地球上には179の国家が存在する―異質で、多面性を持ち、繊細さを持った個々の国々、映画、著者、様々な風景、流行の服装など…。今から5000字で語ろうとしていることがある。そして才人メイク・スティーヴンスについて語るのはわずか2000字であるが、ここで一つのポイントを示そうと思う。

ウェールズのポピュラー・ミュージック・シーンにおいて彼は、過去30年間に渡って絶対的なフォーク、ロック・シンガーであるということだ。それはアメリカにおけるディラン、スプリングスティーンであり、スウェーデンのランデルであり、ブラジルのヴェロッソであり、フランスのゲーンズブールであり、ジャマイカのプリンス・ジャズボウ同様重要な存在なのである。

メイクのレコーディング作品の90%は自国語であるウェールズ語で吹き込まれた。もちろん我々はシンガーが何を歌っているのか分からなくとも、音楽的スリルを味わうことができる。しかしメイクに関する場合、我々はそのどちらも楽しむことができるのだ。彼は1枚英語で作品を残している。不朽のOutlanderは、これを読んでいるあなたにおススメの1枚だ。

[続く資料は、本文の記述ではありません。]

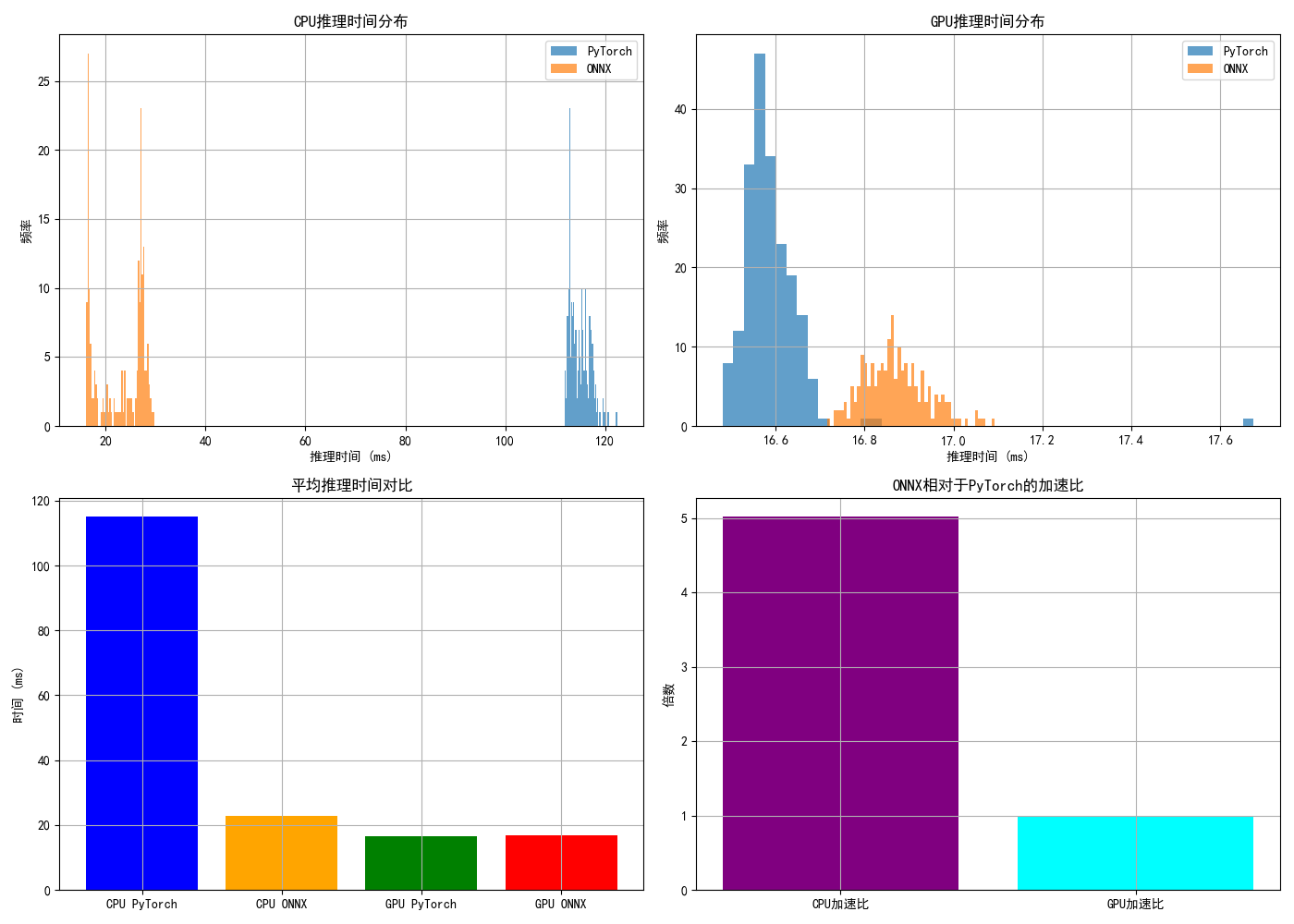 print(f"GPU 加速比: {np.mean(gpu_results['pt']) / np.mean(gpu_results['onnx']):.2f}x")

1964年のメイクの初のレコーディングから、1971年に至るまで、続くワーナー・ブラザースUKでのOutlanderで彼は、ウェールズ語と英語両方で作詞し、歌っている。1971年以降はいくつかの例外を除いて、彼はウェールズ語のみで歌った。なぜ私がこういった不器用とも取れるポイントを強調するのか?なぜなら人々にとって英国内でウェールズ語を使って歌うことは、スペインでバスク語を使って歌うこと、あるいはアメリカにおいてチェロキー語で歌うようなものだからである。それは民族同様、個人にとって明らかな政治的表明なのである。独立系のウェールズのレコード会社の誕生は、元々メイクに遡ることができる。Sainレーベルは、今日では音楽に関する限り、全てウェールズ語であり、60年代後半メイクの協力によって設立された。Wrenレーベルは、メイクの共同所有であり、そこからは彼の最も重要な(そして探し出すのが非常に困難な)レコードのいくつかがリリースされていた。

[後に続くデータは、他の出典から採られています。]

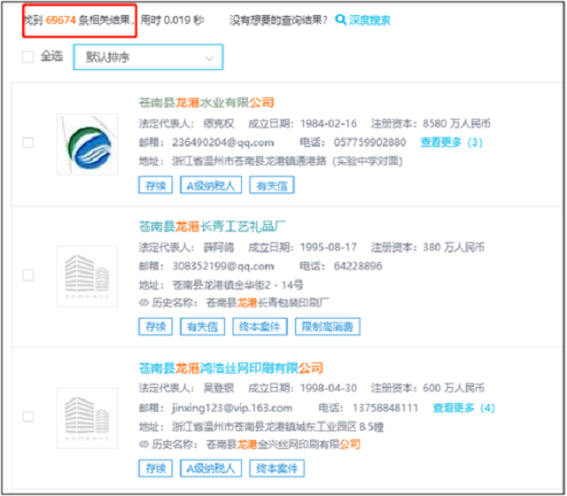 启信宝显示,地处温州苍南的龙港,目前处于存续状态的共有69674家工商实体。

60年代後半に一連のEPをリリースした後、発表されたOutlanderは、当に驚くべき音楽的振幅と力強さに溢れていた。これはパワフルなフォーク/ロック/サイケデリック、そして(あるいは)ロッキー・エリクソンやフィル・オークスのような特異性を持った、彼独自の音楽だ。しかしメイクと比類しうる60年代半ばのアイコンたちから、彼が拝借したり、インスパイアされた訳ではない。なぜなら彼の音楽は、それら同様、肥沃な環境において創造され、形作られたのであり、これらのレコーディングの数々は、ビートルズやディランのそれと同時期に進行していたものであるからだ。メイクはジャクソン・C・フランク(親友である)、マーティン・カーシー、デイヴィ・グレアム、シド・バレット(彼は二度ウェールズのメイクのところへ赴いている)、バート・ヤンシュ、ポール・サイモンそしてボブ・ディランとさえも一緒にギグを行ってきた。ビートルズとストーンズは同じクラブで時を過ごし、(ある時は)同じ女の子たちに接近していた。

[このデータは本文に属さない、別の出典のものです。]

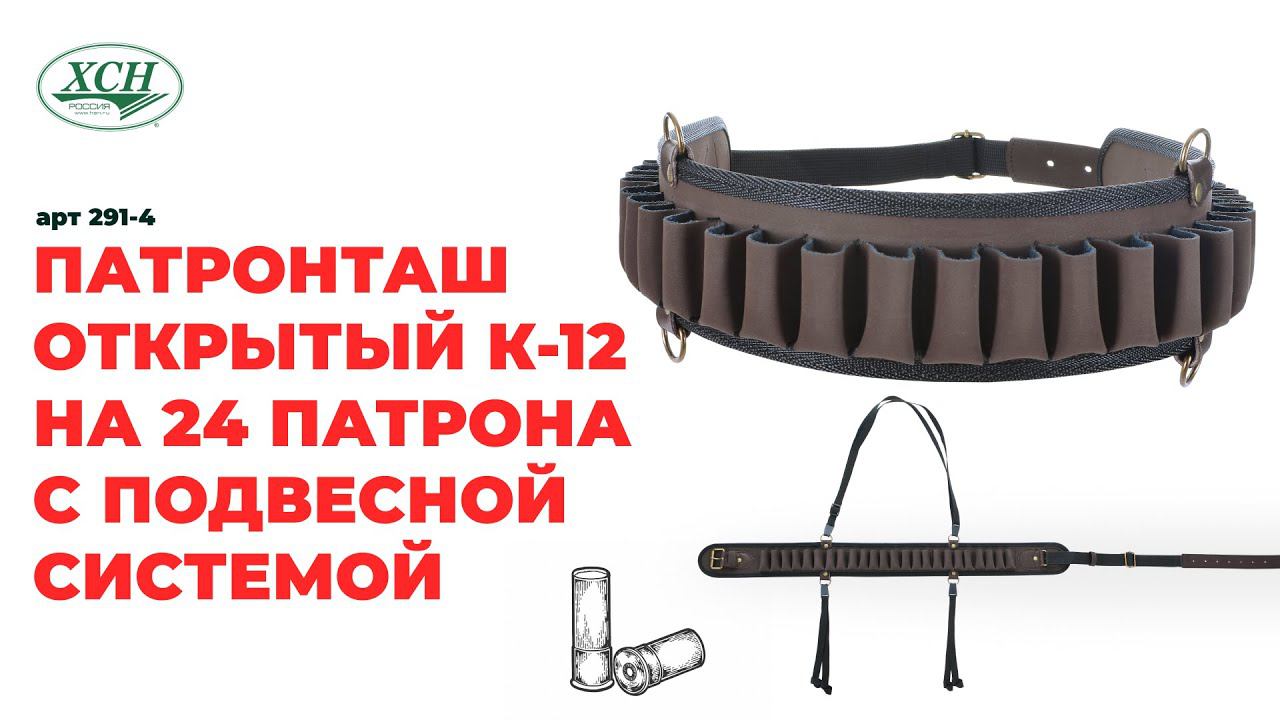 арт 291-4. Патронташ открытый К-12 на 24 патрона с подвесной системой. Производства ХСН

Outlanderは、心臓が止まるほどの驚きに満ちた作品だ。最初に聴いた時からまずあなたは、昔日の日々を思い出すことだろう。ちょうどそれはキンクスのVillage Green Preservation Societyや、デイヴィ・グレアムとシャーリー・コリンズのFolk Roots New Routesを聴いた時に感じるものだ。Outlanderは自制的である。古色に仕上げられたクラシックのように聞こえることだろう。最近になってこのアルバムを聴いたウェールズ出身でない人が、“レア・サイケデリックの傑作”に、600ドルを払おうなんてとても思わないだろうが…。

異質な雰囲気が同居したこの作品は、決して散漫な訳ではない。ここにはジャズとインド、サイケの混合、インド風の叫び声が、アシッド・フォークの演奏と、65年と66年のディランに見られたような世界観、政治、女性などについての瞑想をもって悠々と展開されている。メイク・スティーヴンスは、彼独自の声を持ったシンガーであるだけでなく、詩人としても素晴らしい才能を持っている。彼のごく自然なパフォーマンスと、リズム・セクションは、このアルバムが当時そのものをドキュメントするかのようなひらめきに満ちた特性を持って、圧倒的な演出を吐き出しているのである。プロ・トゥールに支配された現在、デジタル技術によってリズム・トラックの細部に渡る修正が可能な中、Outlanderはその有機的なレコーディング技術の奮闘の叫びを聞いているかのようだ。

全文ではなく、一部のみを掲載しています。